Chaos. Incertezza. Paura. Delusione.
Il Reaper sedeva con la testa tra le mani su una poltroncina grigia situata in fondo al corridoio dell'hotel in cui si era infiltrato. Le luci che provenivano dal soffitto illuminavano il lungo tappeto rosso che era stato sistemato sul pavimento e si riflettevano sulle porte metalliche dei due ascensori affiancati che portavano ai piani superiori. Gli sguardi degli inservienti che iniziavano con le pulizie e dei turisti che tornavano alle loro camere lo attraversavano senza soffermarsi, come se fosse parte dell'arredamento e non meritasse attenzione.

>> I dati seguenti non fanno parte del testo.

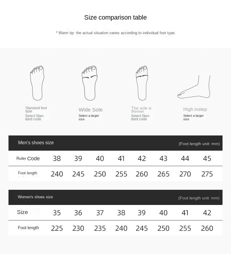 Dear friend, welcome to Tongxie Shoe Store. Please make sure to check the size when placing an order or communicate with us through online customer service! Dear, due to factors such as different batches, shooting angles, screen resolution, and lighting, there may be color differences in the images, but it will definitely not affect the quality and effect. Color issues cannot be returned or exchanged!

In effetti se ne stava talmente immobile che sarebbe potuto sembrare paralizzato, una statua con l'aspetto di un angelo in felpa blu scuro e jeans. Questo perché la sua mente era diventata un mare in tempesta che si scagliava con tutta la sua forza contro gli scogli, l'insieme dei ricordi che ora possedeva. Non solo quelli degli assistiti, ma anche quelli innati e ottenuti in quei pochi giorni di esistenza.
-Kyle-. Mormorò quel nome a fior di labbra, assaporandone il suono. Non riusciva a capire perché gli fosse sorto così spontaneo quando l'aveva detto ad Eveline, quasi avesse fatto sempre parte di lui. Eppure non poteva essere, in quanto il proprio vero nome non lo conosceva. Gli sarebbe stato rivelato solo quando fosse giunta la sua ora.
Allora per quale motivo quelle quattro semplici lettere messe in successione sembravano essere in grado di smuovergli qualcosa nel profondo? Per un istante gli sembrò perfino di vedere i contorni del volto di un ragazzo con dei capelli talmente chiari che sembravano bianchi e una piccola cicatrice sotto l'occhio sinistro, ma questi scomparve subito dopo lasciandolo spaesato e con una strana sensazione al petto. Kyle si alzò di scatto e allungò la mano, attraversando il nulla. 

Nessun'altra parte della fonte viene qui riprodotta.